**Directions for this task**
Consider the listing below. Extract exactly the lines from the line containing "海南省文昌中学2025届高三上学期第二次月考(解析版)" to the line containing "2019年度张家口学院省级一流本科专业建设点名单", both included.

**Dataset records**
- - -
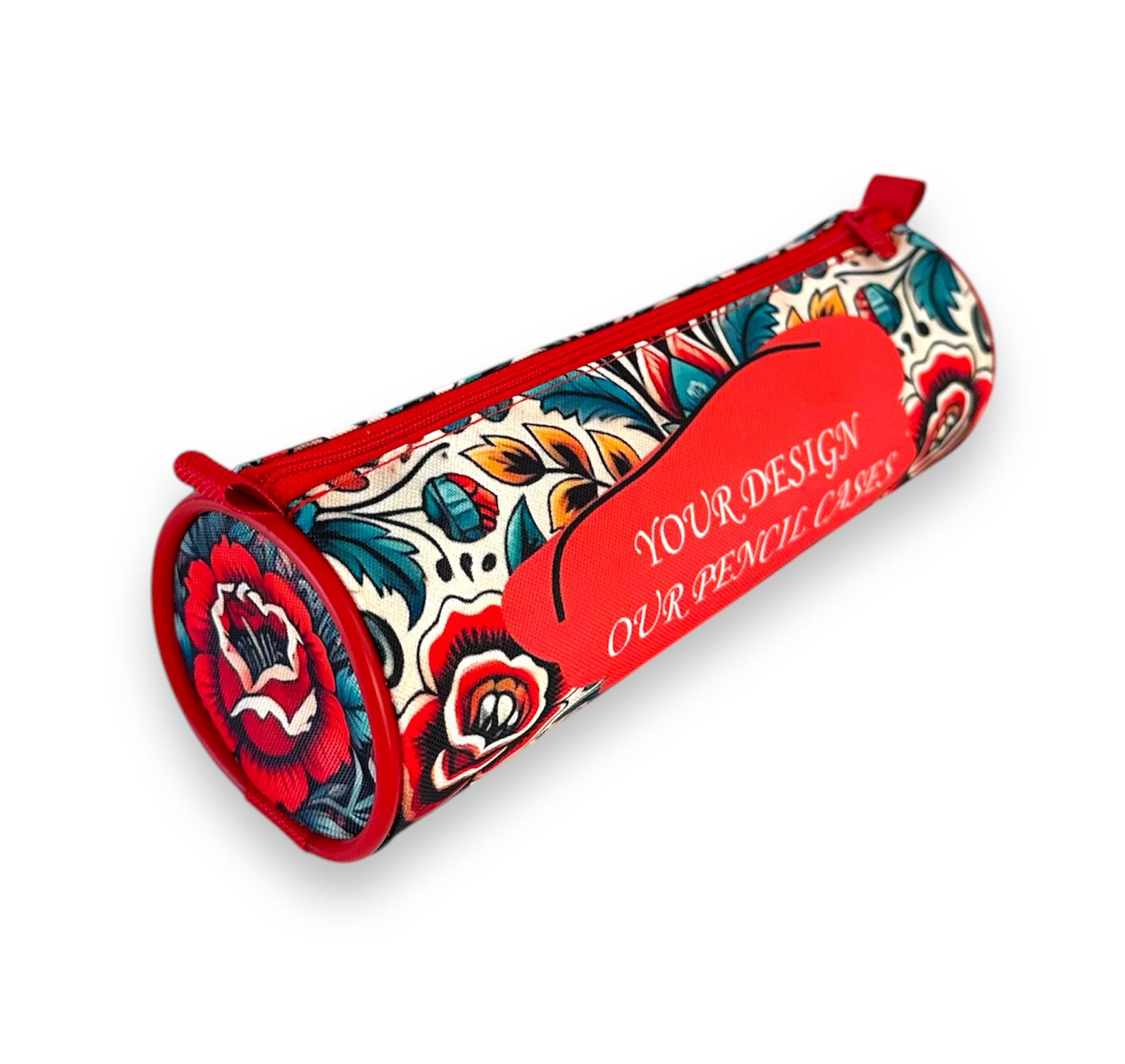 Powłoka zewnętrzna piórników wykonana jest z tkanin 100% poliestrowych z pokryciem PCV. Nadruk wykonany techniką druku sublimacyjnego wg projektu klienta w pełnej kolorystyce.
- - -
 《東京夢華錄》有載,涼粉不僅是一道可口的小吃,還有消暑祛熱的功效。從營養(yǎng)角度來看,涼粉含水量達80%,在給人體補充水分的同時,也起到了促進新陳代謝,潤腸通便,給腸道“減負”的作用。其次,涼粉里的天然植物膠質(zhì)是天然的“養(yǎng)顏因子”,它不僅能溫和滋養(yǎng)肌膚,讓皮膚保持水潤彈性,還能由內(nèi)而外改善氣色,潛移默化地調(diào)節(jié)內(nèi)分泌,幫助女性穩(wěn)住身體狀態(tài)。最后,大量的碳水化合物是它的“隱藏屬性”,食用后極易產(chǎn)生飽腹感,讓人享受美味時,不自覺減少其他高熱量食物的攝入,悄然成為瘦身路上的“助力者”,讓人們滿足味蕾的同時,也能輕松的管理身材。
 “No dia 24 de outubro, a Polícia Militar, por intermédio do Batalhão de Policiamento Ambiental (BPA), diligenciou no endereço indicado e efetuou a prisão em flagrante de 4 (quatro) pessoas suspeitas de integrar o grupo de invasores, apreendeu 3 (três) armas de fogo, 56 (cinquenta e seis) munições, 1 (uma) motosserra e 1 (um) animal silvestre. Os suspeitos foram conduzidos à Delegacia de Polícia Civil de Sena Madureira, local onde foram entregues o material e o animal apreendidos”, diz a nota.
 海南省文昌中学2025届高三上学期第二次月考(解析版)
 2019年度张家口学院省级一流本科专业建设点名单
- - -
**Response area**
 海南省文昌中学2025届高三上学期第二次月考(解析版)
 2019年度张家口学院省级一流本科专业建设点名单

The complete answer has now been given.